Released two years later, Deadly Circuit is an even more slippery crime story with Serrault getting another strong showcase. Based on the novel The Eye of the Beholder by Marc Behm (later adapted disastrously in English under that title in 1999 with Ewan McGregor and Ashley Judd), the unorthodox story follows detective Beauvoir (Serrault), known as "The Eye," who is still recovering from the disappearance of his young daughter. His current job is to dig up info on Paul, the heir of a wealthy local family who believe his current girlfriend could be trouble. His surveillance leads him to the couple in time to see the woman in question (Adjani), who goes by numerous aliases but is really named Catherine, disposing of Paul's body in the water and taking off with his money.
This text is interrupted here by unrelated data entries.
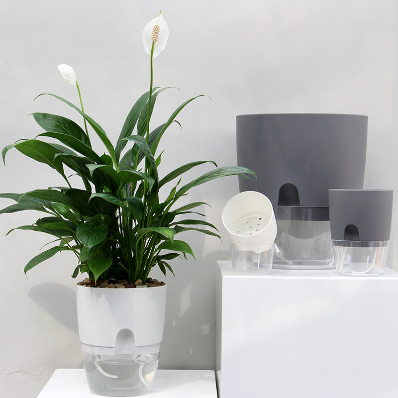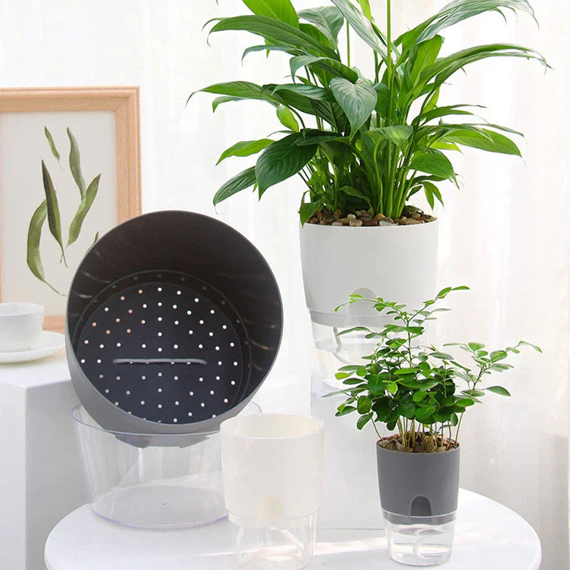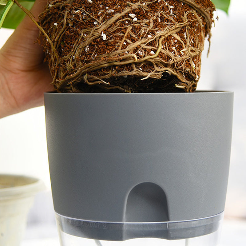 Die doppelschichtige Struktur ermöglicht die Speicherung von Wasser und Luft im Boden dieses Pflanzgefäßes. Der Topf mit Löchern für eine bessere Feuchtigkeit der Wurzeln und eine einfache Sauerstoffzirkulation verhindert das Absterben von Pflanzen durch Staunässe.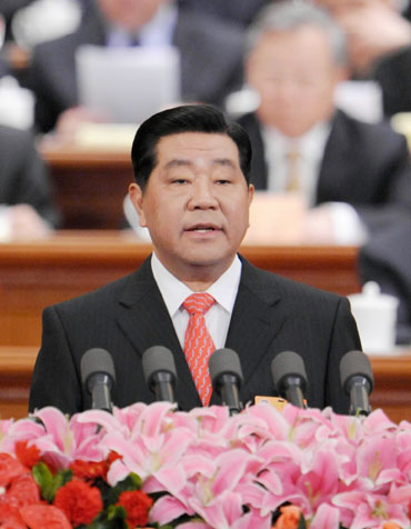 Jia Qinglin, chairman of the National Committee of the 10th National Committee of the Chinese People's Political Consultative Conference, delivers a work report to the First Session of the 11th National Committee of the CPPCC in the Great Hall of the People in Beijing March 3, 2008. [Xinhua]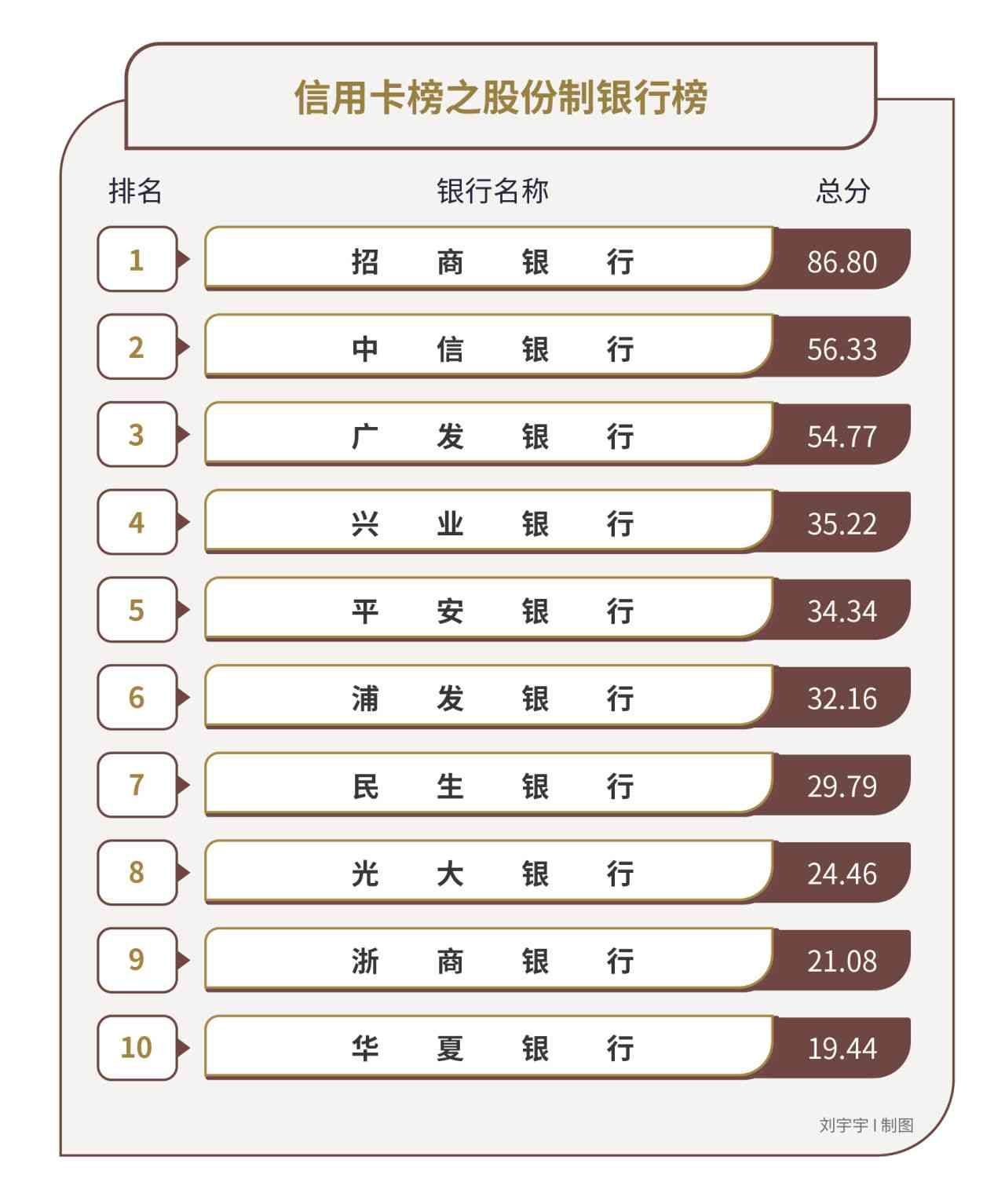 在信用卡领域口碑颇佳的招行以86.8分的绝对优势摘得桂冠,其与第二名建行的分值差距接近20分。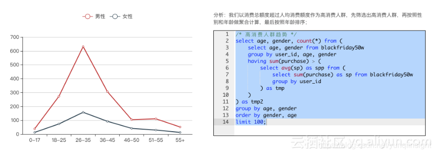 6)开始查询和分析(用户可以分析自己的数据,符合mysql的语法)

Under the guise of reporting that the young man in still alive, The Eye continues to follow Catherine as she commits further homicides and changes identities with The Eye becoming increasingly complicit in her crimes.
Also co-written by Michel Audiard (along with son and now celebrated filmmaker Jacques Audiard), Deadly Circuit superficially feels like an '80s French crime film but its disjointed, obsessive pacing makes it feel wholly unique. Obviously Adjani is ideal casting as an identity-shifting femme fatale (as she already proved with 1983's
One Deadly Summer), here getting a great showcase going through a range of wigs, costumes, and accents. Though she and Serrault only interact briefly in the film, it's a treat seeing them dancing around in the same storyline with the climactic meeting
between them more than living up to expectations. You also get a feast of character actors here including Macha Méril as Serrault's ex-wife, Sami Frey, Jean-Claude Brialy, and Stéphane Audran in another of her great makeup disguises. Unfortunately the film was trimmed by over 20 minutes shortly after its release and was mostly seen on TV and home video in this compromised form, which deleted a significant amount of surveillance footage and upset both the rhythm of the film and its indulgence in different locations. An uncut 2K restoration was undertaken in France and first released there on Blu-ray and DVD in 2023, followed by its English-subtitled debut on Blu-ray from Kino Lorber in 2024 featuring the trailer and a new audio commentary by filmmaker Daniel Kremer who gets to really dive into the cinematic language of the film, its use of psychological visual cues, the impact of framing and editing choices, and much more.
The Radiance Blu-ray comes from the same impressive uncut restoration, again with the correct color timing and crisp detail throughout. Again the LPCM 1.0 French audio is in great shape and comes with a different, more British translation for the English subtitles. Here Rachael Nisbet handles commentary duties and does a top-notch job examining this film as part of the "polar" style of French crime films, comparing it to the novel, and covering the careers and achievements of the major players. In the 2016 archival featurette "Sacred Circuit" (34m29s), Claude and Annie Miller, director of photography Pierre Lhomme, Gassot, Jacques Audiard, Chabert, and Muse talk about the creation of the script, approaching Serrault despite reservations over him having lost his own daughter, the emotional impact that aspect created within the film, the challenges of getting the film funded, and the logistics of shooting so many locations in twelve weeks. Also included are the trailer and "Hypnotic Fascination" (7m32s) with filmmaker Philippe Le Guay discussing the aesthetic precision of the film despite its challenging production, the reputation of the Behm novel, and his admiration for the screenplay's adaptation choices. The set also comes with an insert booklet featuring an essay by Adam Scovell and an archival interview with Gassot.